» **Data section**:

□ □ □ □ □ □ □

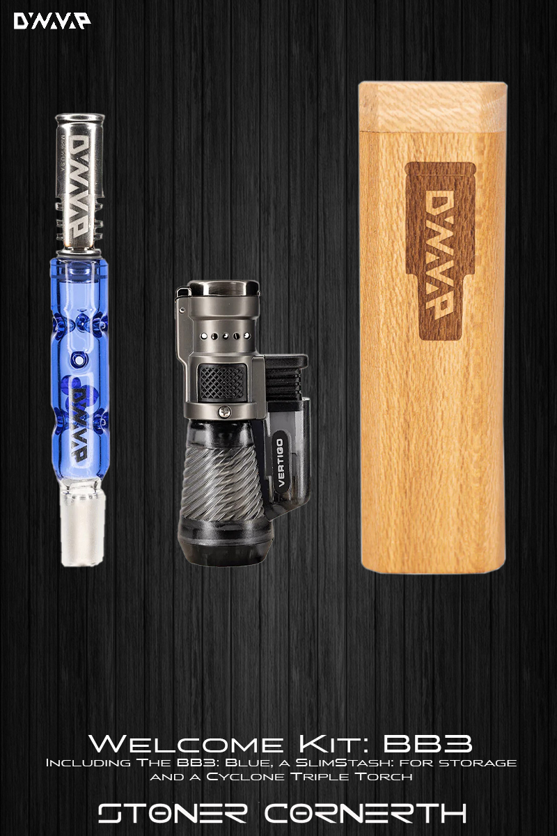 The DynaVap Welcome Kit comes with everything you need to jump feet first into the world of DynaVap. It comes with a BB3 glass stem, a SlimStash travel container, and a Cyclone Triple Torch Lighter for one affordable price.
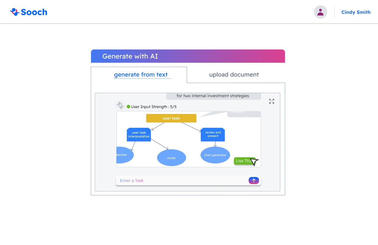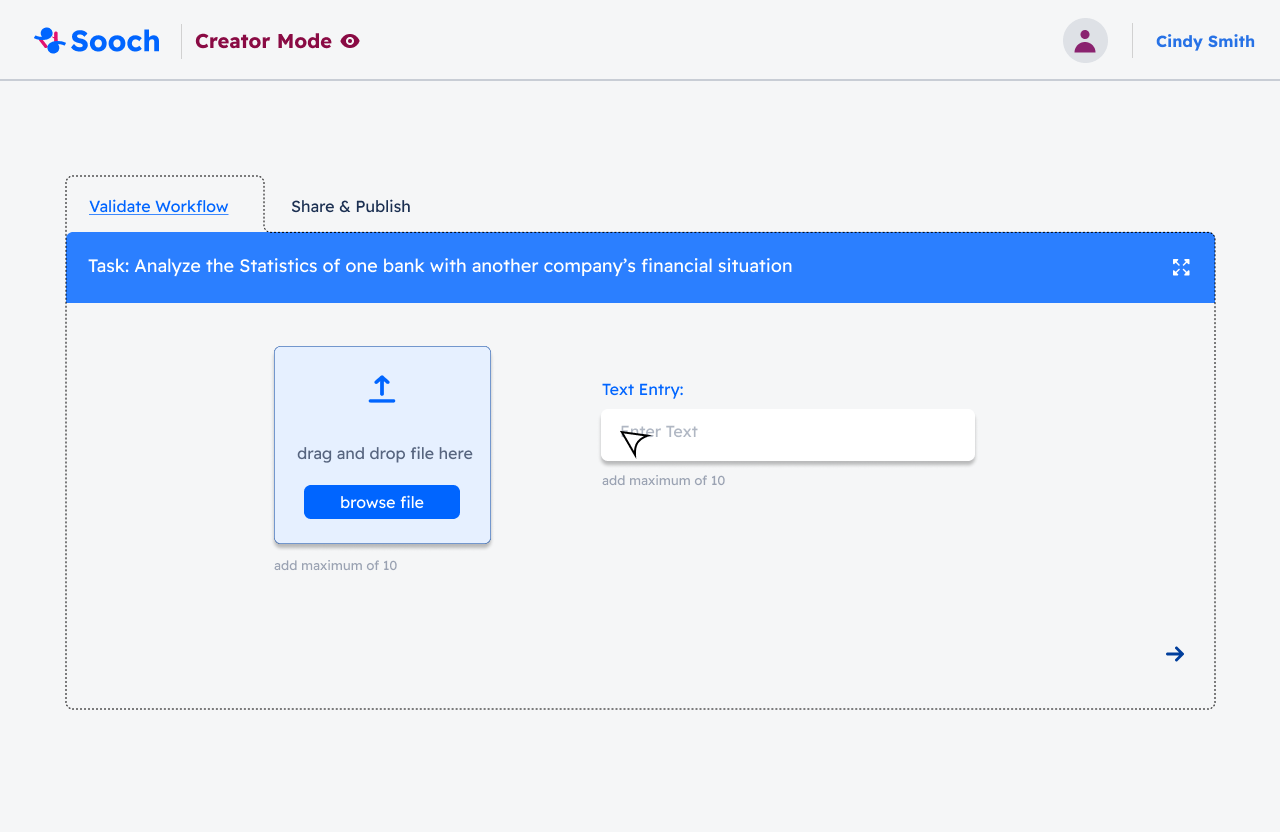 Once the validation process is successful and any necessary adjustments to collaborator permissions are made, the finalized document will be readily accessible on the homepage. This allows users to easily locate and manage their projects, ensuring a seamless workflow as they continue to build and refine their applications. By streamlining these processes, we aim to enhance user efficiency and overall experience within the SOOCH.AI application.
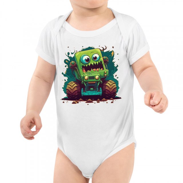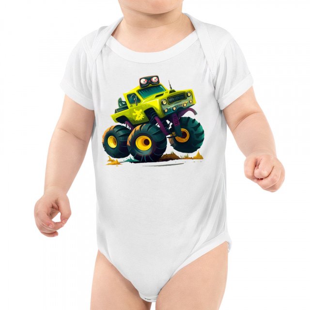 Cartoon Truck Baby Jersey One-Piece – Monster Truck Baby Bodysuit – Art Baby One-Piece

□ □ □ □ □ □ □

» **Task objective**: Nothing but the listing, copied exactly and stripped of its images, should appear in the response.

» **Response to the exercise**:
 The DynaVap Welcome Kit comes with everything you need to jump feet first into the world of DynaVap. It comes with a BB3 glass stem, a SlimStash travel container, and a Cyclone Triple Torch Lighter for one affordable price.
 Once the validation process is successful and any necessary adjustments to collaborator permissions are made, the finalized document will be readily accessible on the homepage. This allows users to easily locate and manage their projects, ensuring a seamless workflow as they continue to build and refine their applications. By streamlining these processes, we aim to enhance user efficiency and overall experience within the SOOCH.AI application.
 Cartoon Truck Baby Jersey One-Piece – Monster Truck Baby Bodysuit – Art Baby One-Piece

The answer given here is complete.